═════ Exercise materials ═════
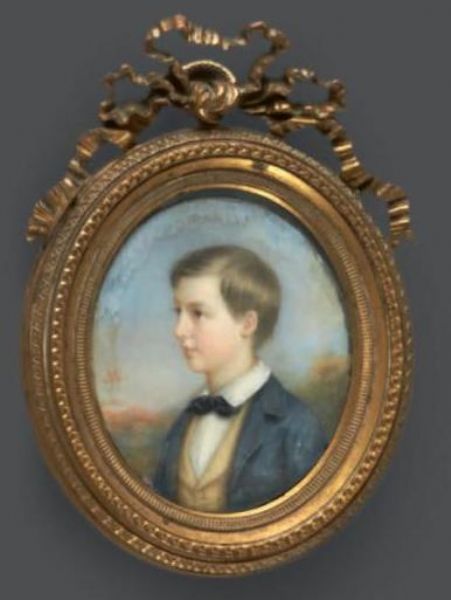 Portrait d'un jeune garçon blond, en veste bleue et gilet jaune sur fond de paysage
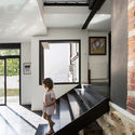 为了让人们享受这个过渡空间,营造正如在两个建筑时代中穿梭的氛围,原住宅的一层被改造成开敞性空间,并填充了大量的家具。这个空间也是家庭中两代人的沟通场所: 扩展空间内的孩子们, 原住宅内的成人, 在两个建筑体之间的过渡空间中心相遇。
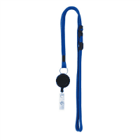 ●吊り下げ名札●色:青●ひもの長さ:約90cm●ひもの幅:10mm●リールの長さ:最長約60cm●材質:リール=プラスチック樹脂、ひも=PET●仕様:安全パーツ・長さ調節具付
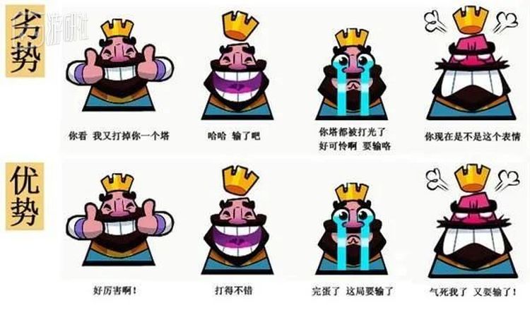 同样的故事发生在Supercell自家的《皇室战争》中。游戏里内置的表情,在对手的劣势局使用,或其优势局使用,能起到相反的效果。
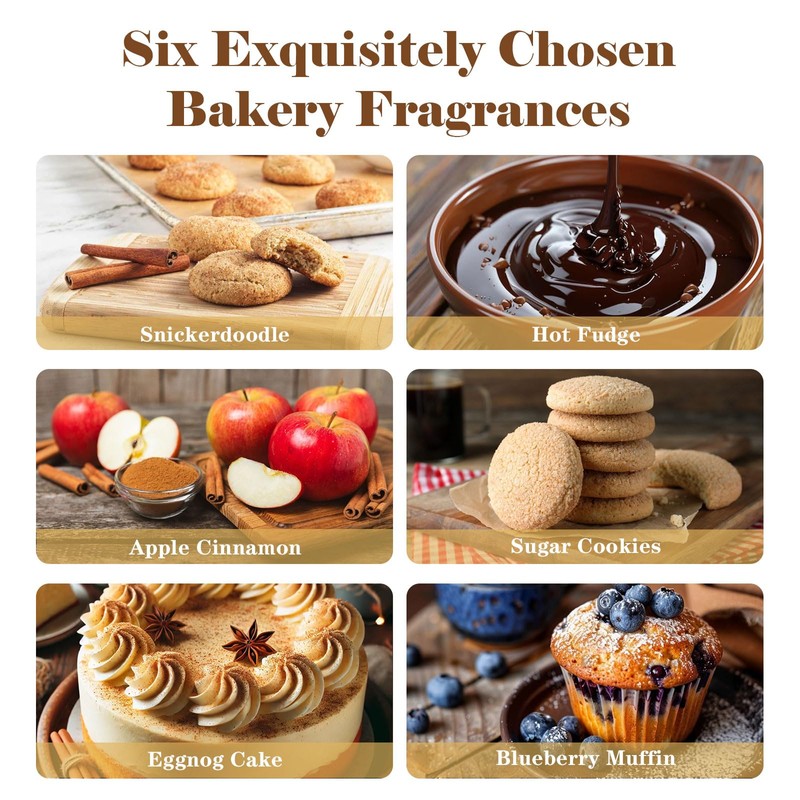 - 6 Delectable Bakery Scents: Captures the warmth and comfort of freshly baked treats, this set brings the sweet, comforting aromas of the kitchen into your daily life; Fragrance oils include Apple Cinnamon, Sugar Cookies, Snickerdoodle, Eggnog Cake, Blueberry Muffin, Hot Fudge
═════
=== What you have to do ===
From the first line to the last, please copy the data exactly, with the pictures left out.

=== Answer ===
 Portrait d'un jeune garçon blond, en veste bleue et gilet jaune sur fond de paysage
 为了让人们享受这个过渡空间,营造正如在两个建筑时代中穿梭的氛围,原住宅的一层被改造成开敞性空间,并填充了大量的家具。这个空间也是家庭中两代人的沟通场所: 扩展空间内的孩子们, 原住宅内的成人, 在两个建筑体之间的过渡空间中心相遇。
 ●吊り下げ名札●色:青●ひもの長さ:約90cm●ひもの幅:10mm●リールの長さ:最長約60cm●材質:リール=プラスチック樹脂、ひも=PET●仕様:安全パーツ・長さ調節具付
 同样的故事发生在Supercell自家的《皇室战争》中。游戏里内置的表情,在对手的劣势局使用,或其优势局使用,能起到相反的效果。
 - 6 Delectable Bakery Scents: Captures the warmth and comfort of freshly baked treats, this set brings the sweet, comforting aromas of the kitchen into your daily life; Fragrance oils include Apple Cinnamon, Sugar Cookies, Snickerdoodle, Eggnog Cake, Blueberry Muffin, Hot Fudge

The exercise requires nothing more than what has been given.